Знает ли кто, что такое степь безводная? Есть ли другое место на земле, где все так чуждо человеку, где земля бела от соли, а от необоримой жары сохнут даже глаза?

Под вечер пятых суток, когда солнце ткнулось в горизонт, у ног Лопарева мелькнула тень. Глянул кверху  орел! На сажень в размахе крыльев. Лопарев даже слышал, как шумели они, когда птица кружила над степью. Кобылица и жеребенок жались к нему, как бы моля о защите. Лопарев судорожно сжал палку, и в тот же миг орел камнем упал жеребенку на спину. Лопарев ударил орла, тот неистово забил крылом, словно подгоняя свою жертву. Лопарев, задохнувшись, ударил еще и еще уже из последних сил, и потом, когда окровавленная птица рухнула наземь, долго топтал ногами ее бесформенную тушу. Надрывный и тонкий крик жеребенка вплетался в тревожное ржание кобылицы. Так и стояли они вместе с человеком, будто судьба связала их одной веревкой

В ночь на шестые сутки Лопарева одолевали видения: то мерещилась ему тринадцатая камера Секретного Дома; то кидала его соленая морская волна, и тогда еще сильнее томила жажда; то чудился ему двуглавый серебряный Эльбрус

О Ядвига, Ядвига!..

Лопарев повстречался с пани Менцовской на водах, где она была вместе с Юлианом Сабинским, своим двоюродным братом. Сабинский слыл за ученого, говорил свободно на многих языках и держался с большим достоинством. Но Ядвига, Ядвига Она будто никого не замечала, и никто не решался приблизиться к ней, кроме молодого князя Темирова, гвардейского поручика. Внезапно они рассорились. Как и что произошло, Лопарев не знал.

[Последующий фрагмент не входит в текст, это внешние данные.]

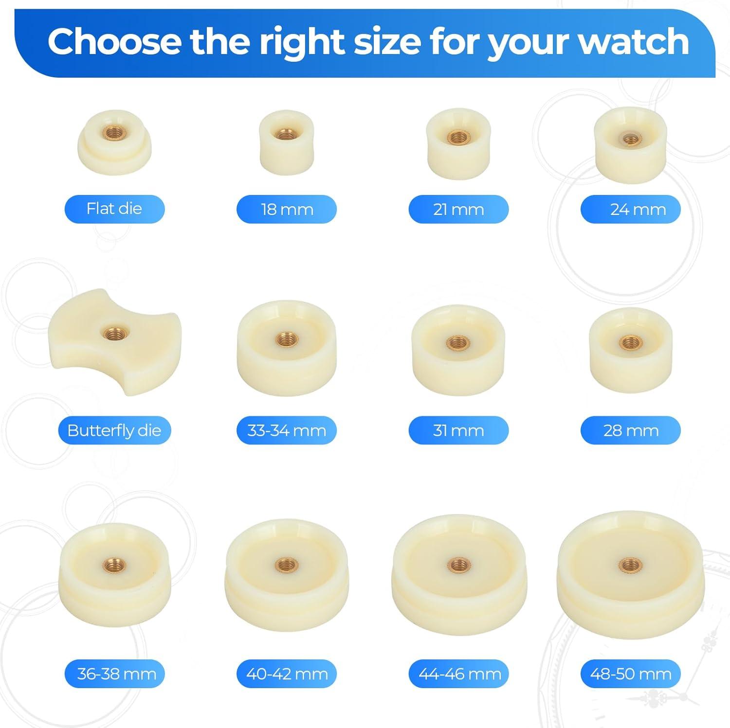 12 INCLUDED DIES: Choose from 12 various dies(flat die/butterfly die/ 18/ 21/ 24/ 28/ 31/ 33-34/ 36-38/ 40-42/ 44-46/ 48-50). Whatever size watch, the solution is here! Our dyes are made of highly wear-resistant ABS and won't cause any scratches to the surface of your watch.

Возвращаясь с прогулки, уже после размолвки с гвардейцем, Ядвига подвернула ногу. У самой тропки, которой начинался подъем на Бештау, Лопарев услышал зов о помощи.

«Я бежал на этот голос, словно олень,  восстанавливал он в памяти и вновь переживал ту встречу.  Я бежал бы вечность. Я узнал ее тотчас, и мне почему-то стало страшно. Ползком Ядвига пыталась достигнуть дороги, ведущей в город. С ужасом глядел я на ее маленькую ножку, еле прикрытую изодранным платьем. Потом я увидел лицо Ядвиги: в слезах оно было прекрасным! Ее локоны ниспадали к плечам, а белая шляпка, перехваченная у шеи резинкой, была откинута за спину. Я стоял, не зная, что делать, и, вероятно, выглядел глупо, без конца бормоча сладостное сердцу имя.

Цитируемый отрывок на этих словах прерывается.